Het huis werd 180 graden rond de molen gevleid: de zeskante
onderbouw van de molen bepaalde de vorm van het huis aan de stadskant.
Slim werden daarbij de trappen in ‘loze’ hoekjes
met de muren van de molen geplaatst. De westelijke buitenmuur van het
huis werd op de buitenste ronding van het rondeel geplaatst. Bij
archeologisch onderzoek ten tijde van de tunnelbouw bleek echter dat
het woonhuis niet op de oorspronkelijke buitenmuur van het rondeel is
gebouwd, maar op een – eerder aangebrachte - extra muur aan
de buitenkant van het rondeel. Aan de zuidkant kreeg het
huis volgens het bouwhistorisch onderzoek uit de tijd van de tunnelbouw
een “sobere, drielaags voorgevel met ingezwenkte geveltop van
twee vensterassen breed”. Het muurwerk is daarbij gemetseld
met “rode handvormstenen in kruisverband en een
kop/drieklezoor als hoekoplossing”. Het oorspronkelijke
“platvolle voegwerk” uit de tijd van de bouw is ook
nog deels aanwezig.
Duw-
en treksporen
In de muur aan de kant van de vroegere stadsgracht zitten
restanten van twee bijna manshoge muurankers. Het is de vraag of die
al bij de bouw zijn aangebracht. Het valt op dat
één van die ankers in een sleuf in het metselwerk
ingebed zit, terwijl de andere juist vóór de
buitenmuur is geplaatst. Mogelijk waren het gordingen die het rondeel
bij elkaar moesten houden en de druk van de molen op de ondergrond
moesten opvangen. Die drukkrachten hebben het rondeel in zijn bestaan
namelijk nogal parten gespeeld. Uit het archeologisch onderzoek bleek
ook dat bij de bouw van het woonhuis eerst een deel van de buitenste
rondeelmuur is afgebroken en in de steensoort van het woonhuis weer is
opgebouwd. Dit duidt er op dat ook de kwaliteit van de buitenste muur
van het rondeel kennelijk te wensen overliet en te slecht was geworden
om de buitenmuur van het woonhuis te dragen. In deze gevel
van het molenaarshuis zijn ook diverse sporen van herstelwerk te zien
die het gevolg kunnen zijn van problemen met de ondergrond. Ook de
steunbeer die vlak naast een van de muurankers stond past in dat beeld.

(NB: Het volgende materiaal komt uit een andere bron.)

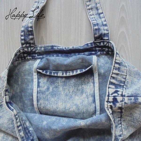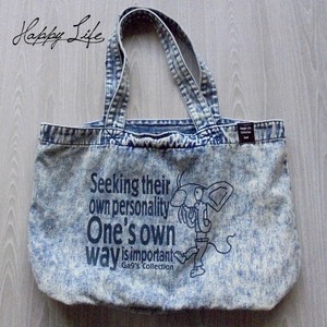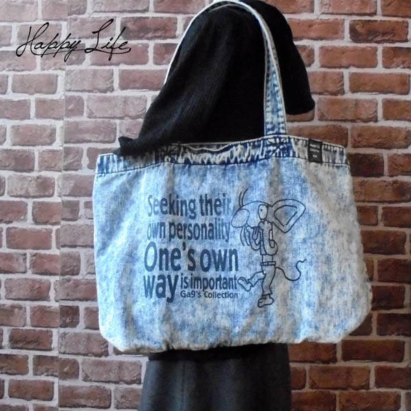 表面にはあっかんべーねずみプリントのデニム素材のお出かけトート。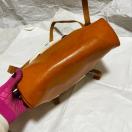上質なヌメ革を使い、帆布と合わせた大人かわいいリュックサック。コンパクトなサイズですが、お財布、ポーチ、スマートフォン、手帳、350mlのペットボトルなどが入ります。背面にファスナー口もついていますので、前面のベルトを外さなくとも、中の物が出し入れできます。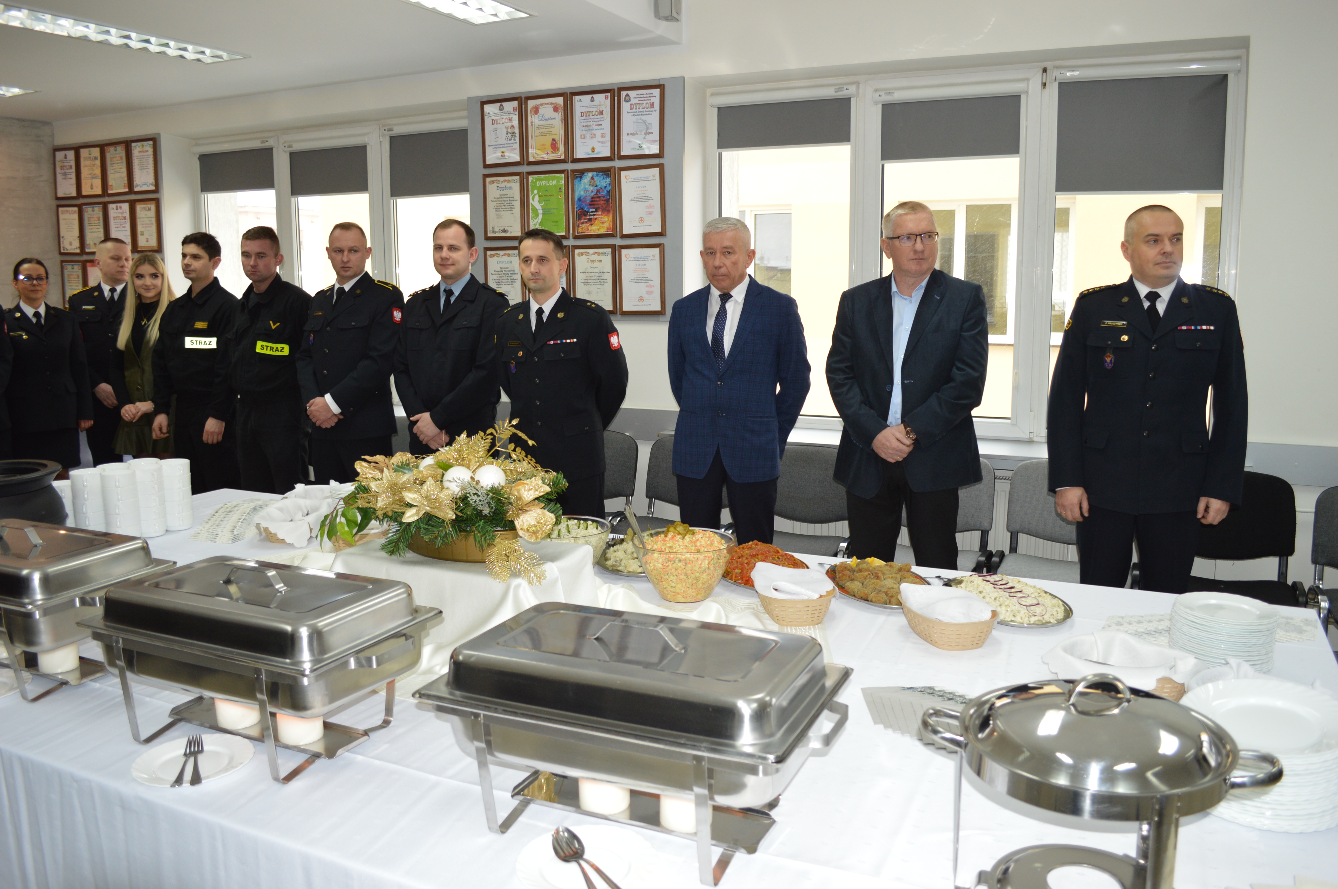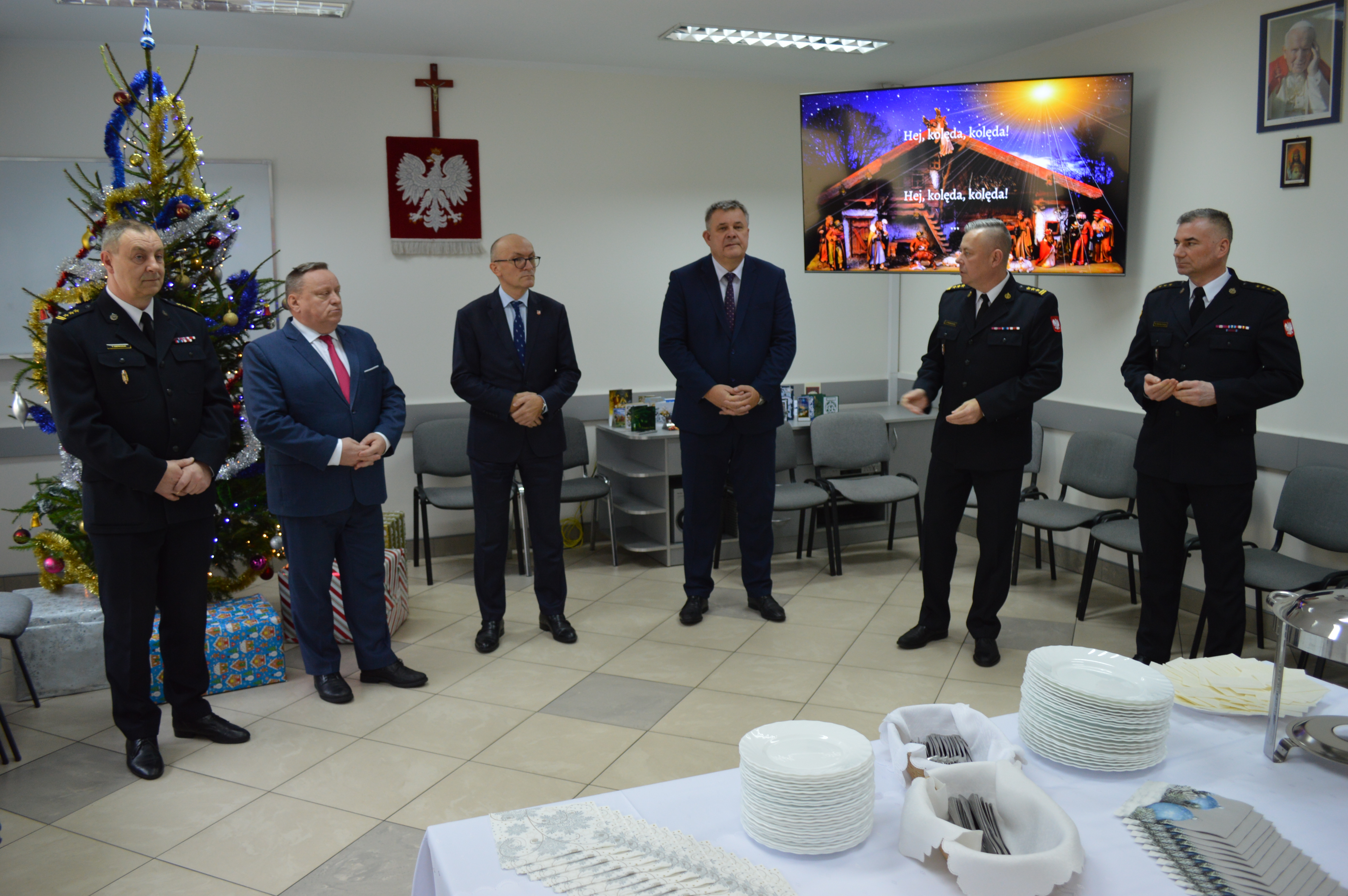 16 grudnia 2022 roku w Komendzie Powiatowej Państwowej Straży Pożarnej w Wysokiem Mazowieckiem, w związku z nadchodzącymi Świętami Bożego Narodzenia, odbyło się uroczyste spotkanie opłatkowe. Uczestniczyli w nim Komendant Powiatowy PSP st. bryg. Adam Frankowski, Zastępca Komendanta Powiatowego PSP st. kpt. Wojciech Sokołowski, strażacy i pracownicy Komendy Powiatowej PSP w Wysokiem Mazowieckiem oraz zaproszeni goście, wśród których obecni byli m.in.: Starosta Wysokomazowiecki Bogdan Zieliński, Burmistrz Miasta Wysokie Mazowieckie Jarosław Siekierko, Wójt Gminy Wysokie Mazowieckie Krzysztof Krajewski oraz przewodniczący Związku Emerytów i Rencistów Pożarnictwa w Wysokiem Mazowieckiem asp. sztab. Sławomir Uszyński.

Na de verplaatsing bij de aanleg van de spoortunnel en de toen
aangelegde nieuwe fundering is die steunbeer weggelaten.
Kelders
Met de bouw van de spoortunnel is het rondeel onder de
molen geheel verloren gegaan. Daarmee zijn ook de kelders onder het
woonhuis verdwenen. In 1927 heeft De Hollandsche Molen het molencomplex
laten opmeten. Op die tekeningen staan alle drie de kelders ingetekend.
Twee daarvan lagen waarschijnlijk in de weergang van het rondeel. De
derde kelder lag buiten het rondeel. De grote kelder aan de noordzijde
was zowel bereikbaar vanuit het woonhuis als vanaf de buitenkant door
een deur in het rondeel. Gezien het uitdrukkelijke verbod bij de
bouwvergunning van 1728 om aan de buitenkant van de stadswal uitgangen
te maken, zal deze deur pas later zijn gemaakt. Bij het afbreken van
het noordelijke woonhuis werd deze kelder in 1930 volgestort.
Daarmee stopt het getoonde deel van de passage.